Предо мной очутилось существо (Курнеев, как я потом узнала): глаза совершенно круглые, из широко раскрытого рта раздается не крик, а рычание, и две огромные руки со скрюченными пальцами направляются мне прямо в глаза. Я их зажмурила из всех сил, он ободрал мне только щеку. Посыпались удары, меня повалили и продолжали бить.

Все шло так, как я ожидала, излишним было только покушение на мои глаза, но теперь я лежала лицом вниз, и они были в безопасности. Но, что было совершенно неожиданно, так это то, что я не чувствовала ни малейшей боли; чувствовала удары, а боли не было. Я почувствовала боль только ночью, когда меня заперли наконец, в камере.

— Вы убьете ее?

— Уже убили, кажется.

— Так нельзя: оставьте, оставьте, — нужно же произвести следствие!

Около меня началась борьба: кого-то отталкивали. — должно быть Курнеева.
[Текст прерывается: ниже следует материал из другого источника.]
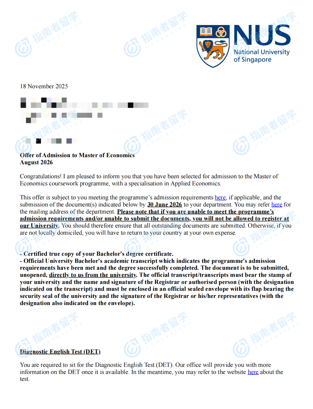 - 具有新加坡国立大学荣誉学位(优异/二等及以上)或同等学历(例如,4年制学士学位且平均成绩至少达到B或同等水平),需要该学科或相关领域背景;或<br> - 具有良好的学士学位(平均成绩至少达到B或同等水平),需要该学科或相关领域背景,并成功完成分班考试;或<br> - 特殊情况下接受研究生院认可的其他资格和经验。<br> 需要提供存款证明70,000新币<br> 应用经济学方向提供1月、8月入学,数量经济学方向仅提供8月入学

Мне помогли встать и усадили; на стул… Мне казалось, что я была все в той же комнате, где подавала прощение, но предо мною, несколько влево у стены, шла вверх широкая лестница без площадки, до самого верха противоположной стены, и по ней, спеша и толкаясь; с шумом и восклицаниями, спускались люди. Она тотчас приковала мое внимание: откуда взялась тут лестница, раньше ее как будто не было и какая-то она точно не настоящая, и люди тоже не настоящие. Может быть, мне это только кажется, — мелькнуло тут же в голове. Но меня увели в другую комнату, и вопрос о лестнице так и остался у меня под сомнением и почему-то целый день, как только оставят меня на минуту в покое, так она и вспомнится.

Комната, в какую меня перевели, была большая, гораздо больше первой, у одной из стен стояли большие столы, вдоль другой шла широкая скамья. В комнате в этот момент было мало народу, из свиты градоначальника, кажется, никого.

— Придется вас обыскать, — обратился ко мне господин каким-то нерешительным тоном, несмотря на полицейский мундир, — какой-то он был неподходящий к этому месту и времени: руки дрожат, голос тихий и ничего враждебного.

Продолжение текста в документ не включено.